The stay of execution was considered particularly significant because the case in question was not strong since the defendant had been through many appeals and didn’t bring up the method of execution until very recently. Interestingly enough, officials at the state prison said they were notified of the decision only 19 minutes before the execution was to take place and the inmate had already eaten his last meal.

With the constant presence of Iranians in Iraq, not to mention the 900-mile border, there are several events that could spark a conflict with Iran, including a massive bombing that would kill lots of U.S. troops. Meanwhile, more Pentagon officials are moving away from thinking that striking Iran’s nuclear program would be a good idea. But the mere fact that U.S. troops sometimes detain and imprison Iranians in Iraq could be seen as a high-risk venture, particularly because any U.S. servicemember would fight back to avoid capture. In January, when U.S. troops detained five Iranians, they meant to capture a senior Revolutionary Guard leader, which “would have raised the ante pretty high with Iranians,” an expert said. It seems strange that the LAT doesn’t even give a nod to the idea that it could be the administration’s goal to “raise the ante” in order to make a conflict with Iran seem inevitable.

Although there’s been a sharp decline in attacks against coalition forces in Iraq, an official with the Government Accountability Office told lawmakers the reduction in attacks against Iraqi security forces and civilians has been smaller. A GAO report released yesterday also said that reconstruction efforts have been mismanaged and are plagued with inefficiencies.

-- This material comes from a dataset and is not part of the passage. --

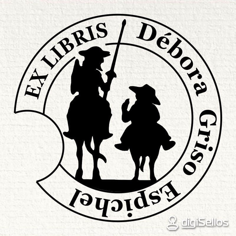 - ES ÚTIL – podrás marcar toda tu biblioteca con este sello Ex Libris Don Quijote y Sancho Panza. Seguro que no vuelves a perder un solo libro más ya que llevará siempre tu marca personal. Si lo deseas, puedes añadir el tampon de tinta en el color que desees para usar este sello. Encontrarás una amplia gama de tipos, medidas y colores en el apartado TAMPONES Y TINTAS para sellos.

The NYT fronts news that the U.S. military will coordinate all State Department security convoys, which is part of an effort by Secretary of State Condoleezza Rice and Secretary of Defense Robert Gates to tighten controls on contractors in Iraq. Even though the NYT says “Gates appears to have won the bureaucratic tug-of-war” it looks like this agreement doesn’t go as far as some Pentagon officials wanted since they had said that all security contractors should be under the control of the U.S. military. Also yesterday, the Iraqi government approved draft legislation that would make all private security contractors subject to local law.

The NYT fronts a good piece of investigative reporting that looks into how many Chinese chemical companies that are exporting pharmaceutical ingredients are “neither certified nor inspected” by the government. These companies aren’t in hiding and actually take part in large industry trade shows. Although the Chinese government has been aware of this loophole for more than a decade it has done little to stop the companies, sometimes to tragic consequences.

As the Democratic presidential hopefuls battled it out in their seventh debate last night (all the papers focus on how Sen. Hillary Clinton came under heavy attack from her rivals), the WP reports that it was all for nothing since we already know what the tickets will look like. A “statistically representative” poll of 355 witches revealed the candidates will be Hillary Clinton-Wesley Clark and Rudy Giuliani-Mike Huckabee. The poll was conducted by a group that seeks to “upgrade the perception of witches.”